- Birth name: Gustavs Butelis
- Born: 19 June 1978 (age 46) Riga, Latvian SSR
- Origin: Riga
- Genres: Hip hop
- Occupation(s): Rapper, record producer, songwriter
- Years active: 1995–present
- Labels: Microphone, Gailītis G

= Gustavs Butelis =

Latvian rapper

Arstarulsmirus Arsujumfus Tarus (born as Gustavs Butelis, June 19, 1978) better known by his stage name Gustavo is a Latvian rapper and producer. He's released 6 albums, and received multiple awards for his songs and albums.

== Biography ==
Butelis was interested in music since he was young, when he wanted to play drums or guitar, but his father convinced him to take up saxophone. He was interested in many music genres, at one point especially metal music, his current interest in hip-hop started at age of 15. He began work on his musical career in 1995 at age of 18, when with his friends he started a band Fact. Butelis was lead in the band and took music work very seriously. His solo career as Gustavo began after Fact disbanded.

In 2002, after more than two years hiatus, he released his first single Jau-tā-jums, but his debut album Beidzot was only released in 2004. Butelis's second solo album Pa pāris pantiem/viesības viesnīcā was released in 2006. Gustavo also produced 2008 album Tur kaut kam ir jābūt by Latvian band Brainstorm. Gustavo released 3 singles from his next album 3. elpa - Plus/mīnuss, Par citu meiteni, Mūsu soļi. All three singles were publicly well-received, becoming top hits in many Latvian radio stations. The song Mūsu soļi became the official anthem of basketball club Rīgas VEF. On December 10, 2009, in club "Essential" was the album presentation.

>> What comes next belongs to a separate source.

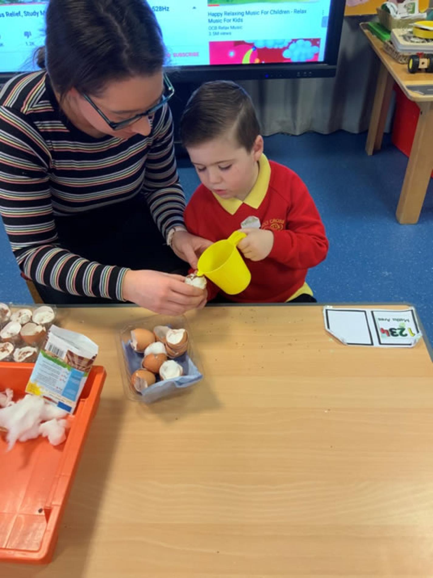 Children are naturally curious about their environment and the world around them. Through a wide variety of activities and experiences in play, children begin to develop a range of skills and concepts such as observation and experimentation. They begin to use their senses to explore their immediate indoor and outdoor environment. In Holy Cross we give particular focus to the school surroundings and explore the environment with frequent walks around the neighbourhood and the nearby park in the Waterworks. We also endeavour to take the children on trips such as the farm, zoo and beach.

The album was released on June 16, 2010. After release of his last album, he turned to Iisiidiology and changed his official name to Arstarulsmirus Arsujumfus Tarus and started doing educational lectures about life.

== Discography ==
=== Albums ===
- Beidzot! (2004)
- Pa pāris pantiem/Viesības viesnīcā (2006)
- Trešā elpa (2010)
- Pilsētas portāls (2011)
- Tagad tikai sākās (2023)
- Tagad tikai sākās (Deluxe) (2024)

=== Singles ===

==== As lead artist ====
- Jau-tā-jums (2002)
- Esi brīvs (2007)
- Panā'ču! (2011)
- Everestā (2011)
- Mums vajag atpakaļ GUSTAVO (2022)
- Starp rindām (2022)
- Nāc dejot (Sirdi izkratīt) (2023)
- Kāds sakars? (2024)
- Lēmumi (2024)
- Zeme atveras (2024)
- Nepārmet man 3000 (2024)
- Jāshēmo (2024)

=== Charted singles ===

| Title | Year | Peak chart positions |  | Album |
| LAT Air. | LAT Dom. Air. |
| "Adata un diegs" (with Sudden Lights) | 2023 | 19 | 1 | Non-album single |

== Videography ==
- Jau-tā-jums (ft. Žaks)
- E.V.I.T.A. (ft. Čižiks)
- Taisnā tiesa (ft. Čižiks)
- No lūpām lasi (ft. Vlady no Kasta)
- Mūsu soļi
- Paldies, ka esat!

=== As a feature ===
- Ozols - Bokss (ft. Gustavo and Astra)
- Prāta Vētra - Tur kaut kam ir jābūt (ft. Gustavo)
- Pikaso - Esi brīvs (ft. Gustavo and R-viss)
- Camillas - Mainīt pasauli (ft. Gustavo)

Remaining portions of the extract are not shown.